Em que dedo anda o anel que me roubaram?
"Poderia até ser eu própria mas sem o dom da admiração quer dizer - alguém completamente diferente"
Esta é a estrofe final de um poema de Wislawa Szymborska, num pequeno livrinho ("Instante", Relógio d"Água) acabado de publicar e que veio da livraria para a minha casa e desatei logo a ler. Desculpem, isto pode parecer uma coisa muito a armar a intelectual, mas não haveria escritora mais afastada dessa ideia de ah e tal uma coisa indecifrável. Ela escreve sobre as pequenas coisas e maravilha-me sempre, porque dentro da escrita dela descubro novas perguntas, dúvidas, admirações. E mesmo quando fala de Platão, no poema "Platão ou o porquê", faz dele uma pessoa com quem parece estar a conversar e ficavam ali os dois e eu quietinha a ouvi-los.
Uma vez vi um documentário sobre ela na televisão e agora aparece-me na cabeça um parêntesis: (Há pessoas que veem documentários e depois escrevem sobre eles e mais valia ficarem a ruminar lá para elas, e acho que sabem do que estou a falar, mas se não sabem eu digo: José António Saraiva e a crónica sobre mudança de sexo. Uma pessoa fica com vergonha alheia. Fim de parêntesis e não se fala mais nisso, estamos à mesa).
Mas eu não queria trazer aqui a pequenez de espírito, era mesmo sobre Wislawa e a poesia dela e recordar o documentário, ela a comprar souvenirs delirantes nos lugares por onde anda e sem saber bem em que gaveta estarão a medalha e o diploma do Nobel.
Portanto, voltando ao livro que trouxe para casa e desatei a ler, proponho um poema chamado "Lista", uma coisa alusiva à época em que há quem faça listas de decisões. Eu não faço e da passagem do ano gosto é do fogo-de-artifício.
A lista de Wislawa é outra coisa: "Preparei uma lista de perguntas / cujas respostas já não chegarei a saber /ou por ser demasiado cedo para elas / ou não conseguir entendê-las" E vai de questões como "Quando cessarão as guerras / e o que as substituirá" ou "No anelar de quem / andará o meu anel de estimação / furtado ou perdido."
Acontece que por duas vezes me assaltaram casas onde vivi e roubaram-me anéis. E outras coisas. De estimação algumas delas. Durante uns tempos espreitei montras onde havia anéis para ver se os encontrava. Manobra inútil, evidentemente, e posso ir mais longe e confessar que ainda hoje o faço, embora não me recorde bem dos anéis que me desapareceram.
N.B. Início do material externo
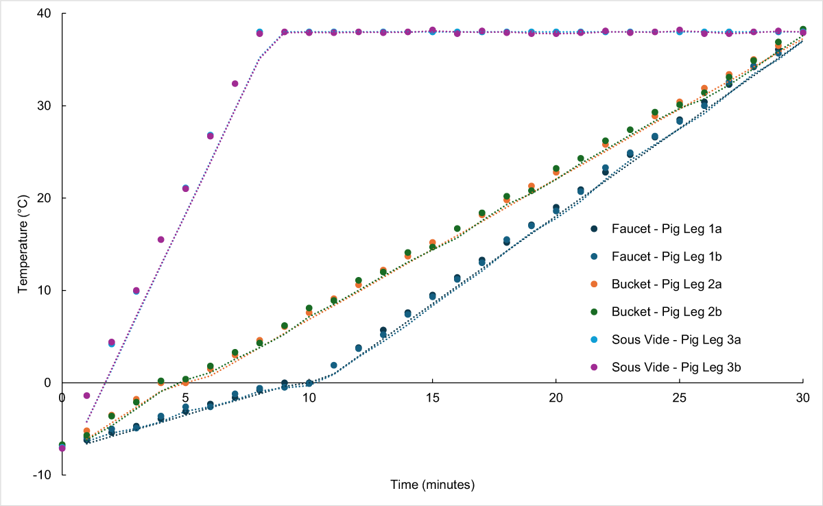 Prior to the start of each rewarming trial, the legs were removed from the freezer and placed in a 38°C rewarming environment. Each trial commenced immediately upon placing the frozen leg into the water, and temperature measurements were monitored continuously and recorded every minute throughout the rewarming process to monitor progress. Two sources of temperature data were collected during each trial: in-tissue temperatures and the temperatures of the rewarming water. The study protocol required that the rewarming water be maintained at 38°C. 2 trials were completed for each method (n = 2), using one porcine leg for each of the six trials (n = 6). No a priori sample size calculations were conducted, however, two trials were completed with each method to appraise internal validity, which required six porcine legs. No criteria were set when selecting specimens and no data was excluded from measurement or analysis. No randomisation or blinding methods were used when selecting experimental units or conducting trials. No control group was used because this study aims to compare variability in rewarming water temperature amongst the three methods.
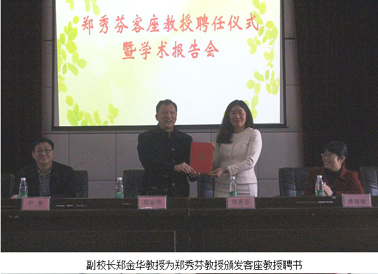 聘任仪式上,曹院长对郑秀芬教授的基本情况及其学术业绩进行了介绍,郑金华副校长代表学校对郑秀芬教授的来访表示了诚挚的欢迎,并为其颁发了买球官方网站客座教授聘书。

A pergunta de Wislawa é muito mais intrigante e, lá está, poética. Em que dedo andará? E abre caminhos extraordinários à imaginação.
Já a outra pergunta é diferente: quando cessarão as guerras e o que as substituirá. É esta segunda frase que faz a diferença. Quando cessarão as guerras é uma pergunta retórica, bem intencionada, paz e amor, etc. Mas ao querer saber o que as substituirá, aí está a pergunta sobre que mundo seria esse, que pessoas seriam essas, e se seriam pessoas, e por aí adiante.
Ser jornalista é como ser uma criança ou uma Wislawa: é observar o mundo e fazer perguntas. Os porquês, por um lado, e as hipóteses alternativas (não, não é a verdade alternativa, isso é outra conversa e não é para aqui chamada). Eu tornei-me jornalista por acaso, nunca pensei quero ser jornalista quando for grande, isso estava fora de qualquer efabulação da minha infância. Mas sei que consegui incomodar pessoas cheias de certezas e preconceitos com as minhas perguntas e dúvidas, e então na adolescência nem vos digo mais, porque as perguntas e dúvidas iam dando lugar a certezas que felizmente fui deixando pelo caminho.
No meio disto, se há coisa que me dê prazer é esse dom da admiração de que Wislawa fala, a capacidade de espanto e maravilhamento. Desse dom não prescindo, parada a olhar um céu estrelado, um quadro, um poema uma música, uma pedra como aquela coleção que herdei de um tio-avô, tão vasta que está agora numa escola onde as minhas filhas aprenderam e ainda cá tenho algumas dentro de uma caixa de sapatos. Não fiquei poeta, nem cientista nem professora, fiquei jornalista e gosto disso.